Но этого не случилось. За всю свою яркую и полную достоинства речь ни разу он не воззвал ни к состраданию, ни к снисхождению. Что и решило дело, ибо толпа присяжных была обманута в прекрасном чувстве: готовности снизойти и простить. А умствующий тунеядец в дряхлой одежде высокомерно пренебрег этим коллективным чувством. Он даже не привел, как это делалось обычно, плачущих родных и близких. Он даже осмелился шутить: сказал, что по сути его дел и речей полагается ему не кара, а почетный ежедневный обед за общественный счет. То есть обед, которым награждались лучшие бегуны, прыгуны и гимнасты. Ну кто бы это смог перенести без праведного возмущения?

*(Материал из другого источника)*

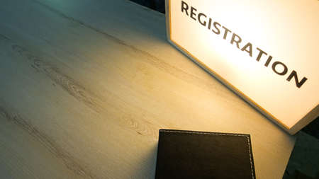 The registration lightbox and Black Leather Book on wooden table for event with copy space.

Еще могли бы обойтись изгнанием, но он заранее категорически от этого отказался: что бы он стал делать вне родины (за нелюбовь к которой его только что осудили)?
А когда бросился к Сократу ученик, лепеча, как он горюет, что учитель так несправедливо осужден, старик заметил ему ласково: «А тебе было бы легче, если бы меня осудили справедливо?»
Наотрез отказавшись за день до смерти от подготовленного побега (на такие вещи смотрели сквозь пальцы, но Сократ и тут не пожелал склонить голову, чтобы использовать лазейку), уже выпив чашу с ядом, он сказал рыдающим друзьям: «Успокойтесь, призовите себе на помощь мужество».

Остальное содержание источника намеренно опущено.